Physics-based Scene Layout Generation from Human Motion

Jianan Li,Tao Huang,Qingxu Zhu,Tien-Tsin Wong
DOI: https://doi.org/10.1145/3641519.3657517
2024-05-21
Abstract:Creating scenes for captured motions that achieve realistic human-scene interaction is crucial for 3D animation in movies or video games. As character motion is often captured in a blue-screened studio without real furniture or objects in place, there may be a discrepancy between the planned motion and the captured one. This gives rise to the need for automatic scene layout generation to relieve the burdens of selecting and positioning furniture and objects. Previous approaches cannot avoid artifacts like penetration and floating due to the lack of physical constraints. Furthermore, some heavily rely on specific data to learn the contact affordances, restricting the generalization ability to different motions. In this work, we present a physics-based approach that simultaneously optimizes a scene layout generator and simulates a moving human in a physics simulator. To attain plausible and realistic interaction motions, our method explicitly introduces physical constraints. To automatically recover and generate the scene layout, we minimize the motion tracking errors to identify the objects that can afford interaction. We use reinforcement learning to perform a dual-optimization of both the character motion imitation controller and the scene layout generator. To facilitate the optimization, we reshape the tracking rewards and devise pose prior guidance obtained from our estimated pseudo-contact labels. We evaluate our method using motions from SAMP and PROX, and demonstrate physically plausible scene layout reconstruction compared with the previous kinematics-based method.

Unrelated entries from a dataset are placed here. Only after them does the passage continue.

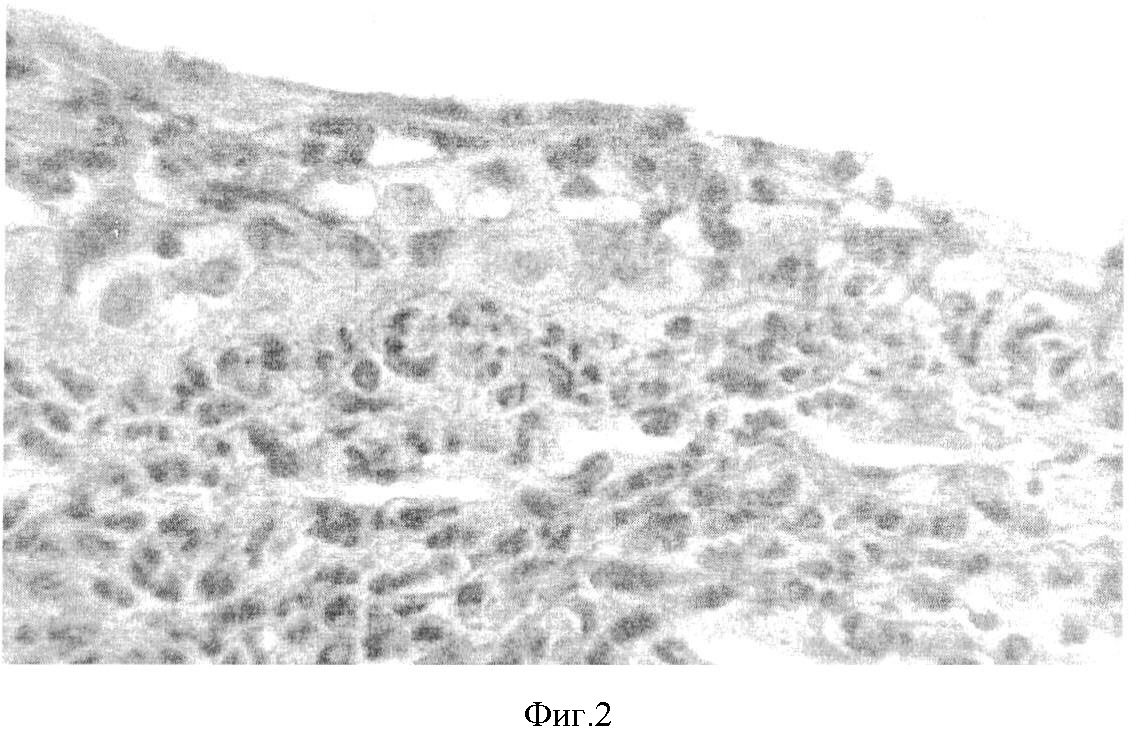 Гнойный кератит легкой степени характеризовался следующими признаками (фиг.1): площадь поражения роговицы до 3 мм в диаметре, затрагиваются только поверхностные слои роговой оболочки. На гистологической (фиг.2) картине видна дегенерация клеток эпителиального пласта. Также обращало на себя внимание истончение стромы. Это было справедливо как в отношении собственного вещества роговицы, так и в отношении переднего ее эпителия. Эпителиальный пласт характеризуется наличием умеренной эксфолиации и дегенерации эпителиоцитов, инфильтрацией лейкоцитами. Собственное вещество роговицы имело признаки отека ткани. Отдельные Коллагеновые волокна стромы были значительно утолщены и разрыхлены. В отдельных препаратах отмечена незначительная васкуляризация стромы собственного вещества роговицы. Цилиарное тело изменено не было. Таким образом, клиническая и гистологическая картина подтверждает наличие кератита легкой степени тяжести.
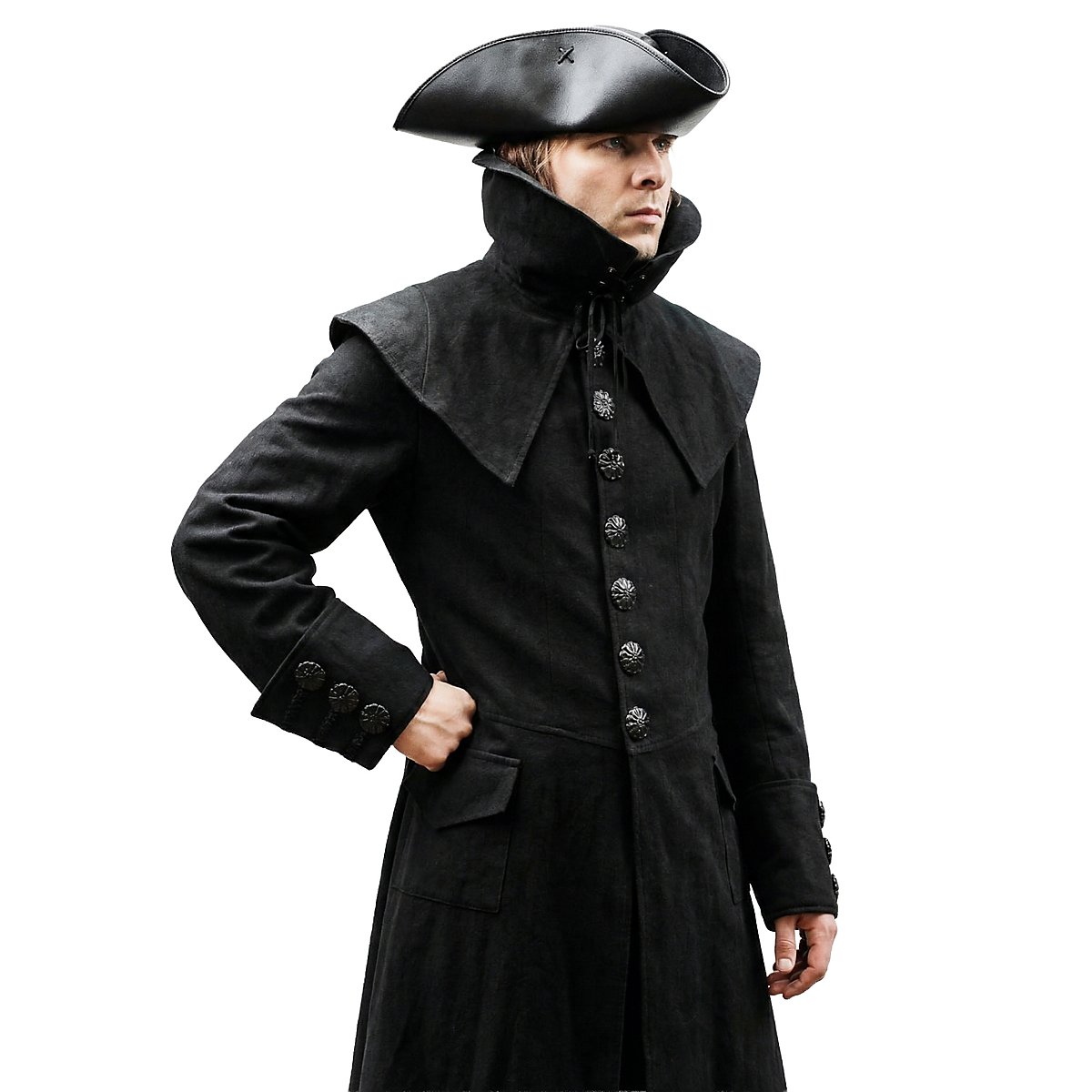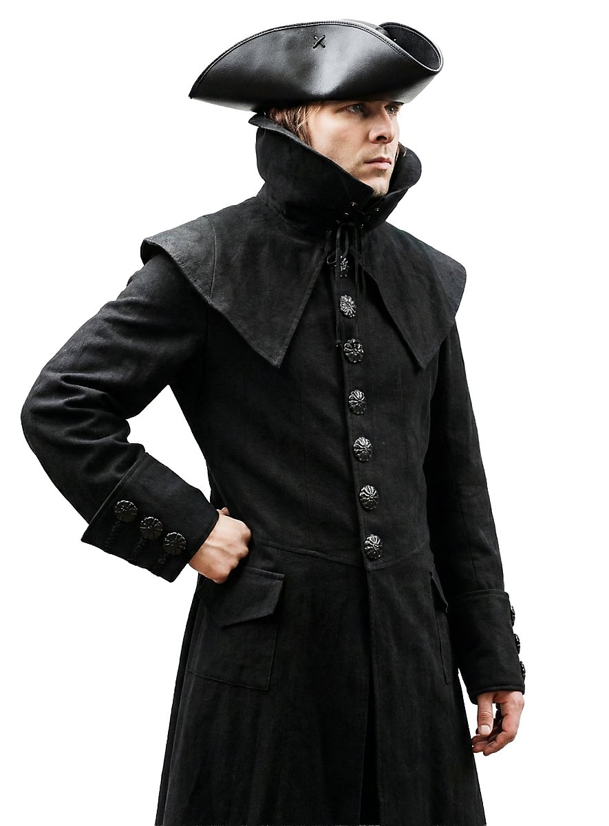 Unser Kutschermantel - Strassenräuberl besteht aus schwarzem Baumwolldrillich und ist zur besseren Bewegungsfreiheit am unteren Rücken und den Seiten geschlitzt. Er wird nicht nur Schurken und Piraten ein treuer Weggefährte sein. Ausgefallen weite Manschetten, welche mit Knöpfen aus Kunststoff und Borte besetzt sind, sowie ein stilvoll breiter Kragen, der aufgeklappt hervorragend als Gesichtsmaske dient, runden seine imposante Erscheinung eindrucksvoll ab.
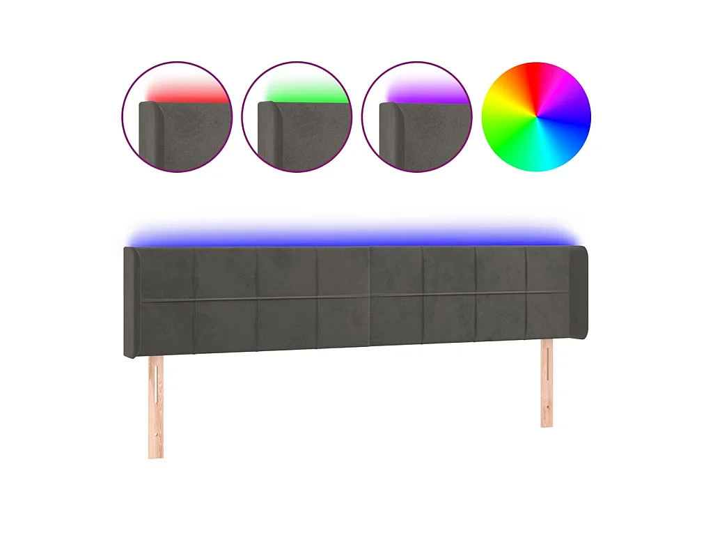 Tête de lit à LED Gris foncé 203x16x78/88 cm Velours POI22276 BonneVie Meuble
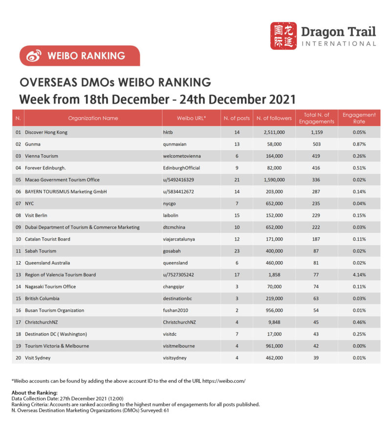 About the data: The data is jointly collected and compiled by Dragon Trail Interactive and Dingla, a B2B travel marketing platform assisting foreign organizations build long term travel trade relationships in China.
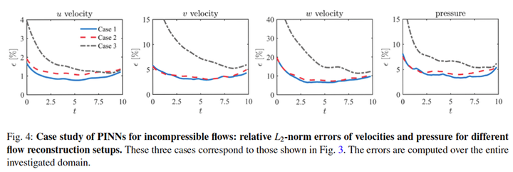 由于加入了物理信息约束,该方法在没有任何输入数据的情况下,只指定边界条件和初始条件,就可以训练出神经网络拟合目标PDE的解。也有一些学者在原始PINNs方法的基础上进行改进,加入一些数据,形成偏微分方程部分、边界条件部分、初始条件部分、数据部分4部分组成的损失函数,进一步提高神经网络的模拟精度,在3D不可压的流体问题上取得了不错的结果。如下图所示,分别对三种不同case使用PINNs算法基于二维二元观察速度进行了3D流场重建,并计算了三种case中不同方向速度及压力的L2范数相对误差。可以发现PINNs方法可以精准捕捉漩涡脱落的不稳定性。
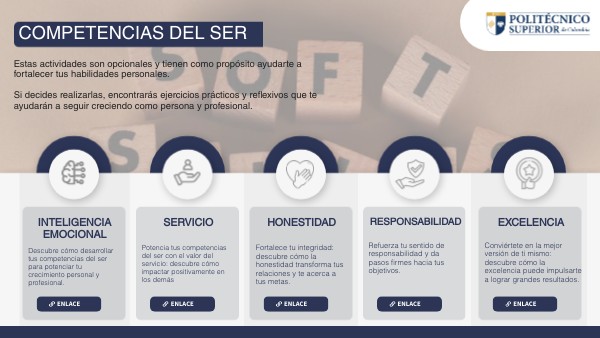 Estas actividades son opcionales y tienen como propósito ayudarte a fortalecer tus habilidades personales. Si decides realizarlas, encontrarás ejercicios prácticos y reflexivos que te ayudarán a seguir creciendo como persona y profesional.

Computer Vision and Pattern Recognition,Graphics
What problem does this paper attempt to address?
This paper proposes a solution to the problem of how to generate physically plausible scene layouts from human motion. Creating scenes with realistic interactions between humans and the environment is a challenge in 3D animation or video games, as character motions are often captured in a green screen studio without actual furniture or objects. This can lead to mismatches between planned actions and captured motions, requiring automated scene layout generation to alleviate the burden of selecting and positioning furniture. Previous methods were unable to avoid distortions such as penetration and floating due to a lack of physical constraints. Moreover, some methods rely on specific data to learn contact possibilities, limiting their generalization ability to different motions. The paper proposes a physics-based approach that simultaneously optimizes the scene layout generator and the human moving in a physics simulator. By introducing physical constraints, this approach achieves realistic and plausible interaction motions by minimizing motion tracking errors to identify objects that can support interactions. They employ reinforcement learning for joint optimization of both the human motion imitation controller and the scene layout generator. To facilitate the optimization, they reshape the tracking reward and utilize estimated pseudo-contact labels for pose prior guidance. This approach is evaluated on the SAMP and PROX datasets, demonstrating physically plausible scene layout reconstruction compared to the dynamics-based methods. Overall, the main contribution of the paper is a framework called INFERACT, which is capable of inferring interaction objects and learning human-environment interaction motions simultaneously based on human motion, resulting in physically compliant and realistic scene layouts.